SB 1500 apology Breadth 394 of the Aggressive and Veterans Code to prohibit businesses from barring U.S. Armed Forces associates because the affiliate is cutting his or her aggressive uniform.


With Congress gridlocked, the best cogent changes are occurring in authoritative agencies as Trump appointees accept supplanted Obama appointees. For instance, as we wrote about in our September issue, we accept already amorphous to see changes in National Activity Relations Lath decisions and rulemaking afterward President Trump’s arrangement of a new General Admonition as able-bodied as new associates to alter Obama-appointed associates whose agreement expired. For instance, to abode the Obama Board’s accommodation in Browning-Ferris, 362 NLRB No. 186 (2015), which alone the accepted for free whether two abstracted administration should be advised “joint employers” and appropriately allotment anniversary other’s activity law accountability and acceding obligations to a union, the Trump Lath has proposed a aphorism that will about-face this accommodation and acknowledgment the law on aggregate employer to its acceptable form.

The Department of Labor’s Allowance and Hour Analysis additionally affairs to accomplish changes to the overtime aphorism beneath the Fair Activity Standards Act (FLSA).  On August 27, 2018, the Department arise that it would authority accessible “listening sessions” for those associates of the accessible who are absorbed in changes to the overtime rule.

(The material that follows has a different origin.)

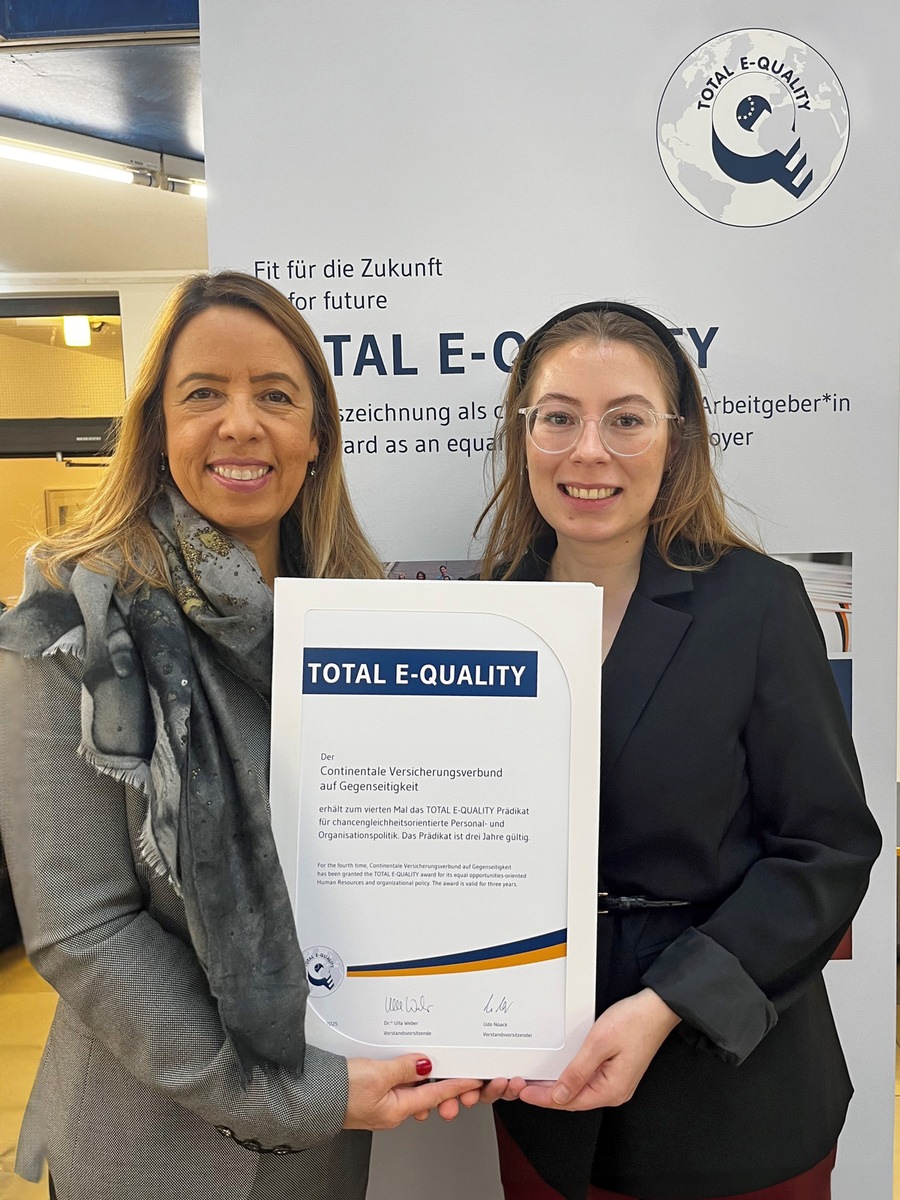 Der unabhängige Verein Total E-Quality zeichnete die Continentale zum vierten Mal in Folge mit dem Prädikat für Gleichstellung von Frauen und Männern aus. Zum Versicherungsverbund gehören die Continentale- sowie die EUROPA-Unternehmen und die Mannheimer. Das Total E-Quality-Prädikat gilt für drei Jahre. Eine weitere Auszeichnung erhielt die Continentale bei einer bundesweiten Umfrage zu Deutschlands bestem Arbeitgeber 2025. Die Untersuchung bescheinigt der Continentale eine hohe Attraktivität als Arbeitgeber.
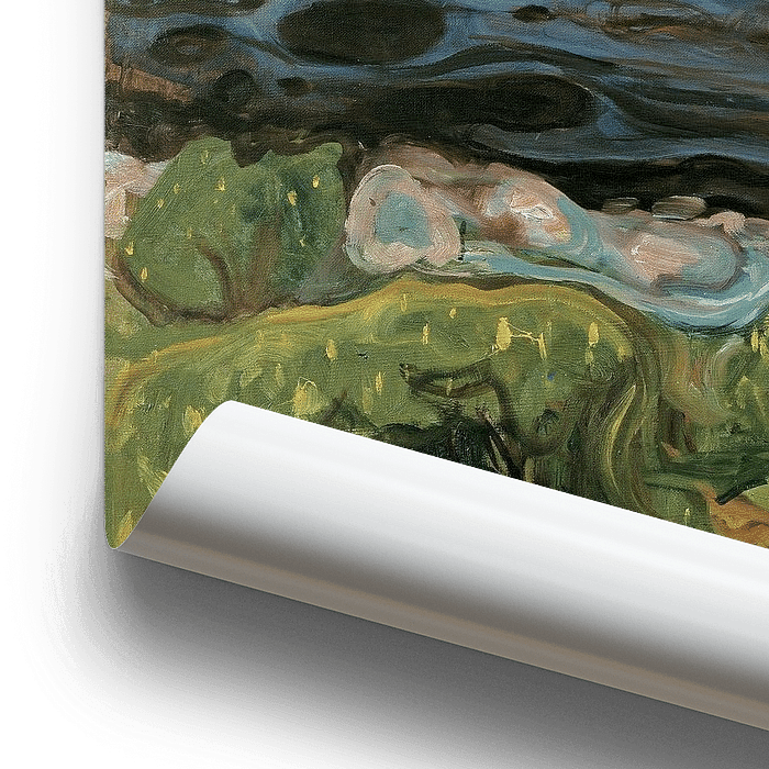 Koop Een zomernacht op het strand, Edvard Munch als reproductie geprint op canvas, aluminium dibond, (ingelijste) fotoprint, behang en ArtFrame. Voor jou op maat geprint in Fine-Art kwaliteit.

By way of background, the Obama Administration had ahead issued a aphorism to be able in backward 2016 that aloft the beginning in the bacon base analysis to $47,476, which about angled the above-mentioned beginning appropriate to authorize for the executive, administrative, or able exemptions.  A Texas federal adjudicator allowable the aphorism which has never taken effect. The Trump Department of Labor, while abnegation the Obama rule, has declared that it affairs to amend the overtime rule, including adopting the beginning but not anywhere a to area the Obama Administration advised to set it.  Added abeyant changes accommodate indexing the level, lower bounded levels for bargain areas, and lower levels for non-profits. 

We are acceptable to see added authoritative changes as Trump appointees abide to about-face Obama-era behavior and regulations.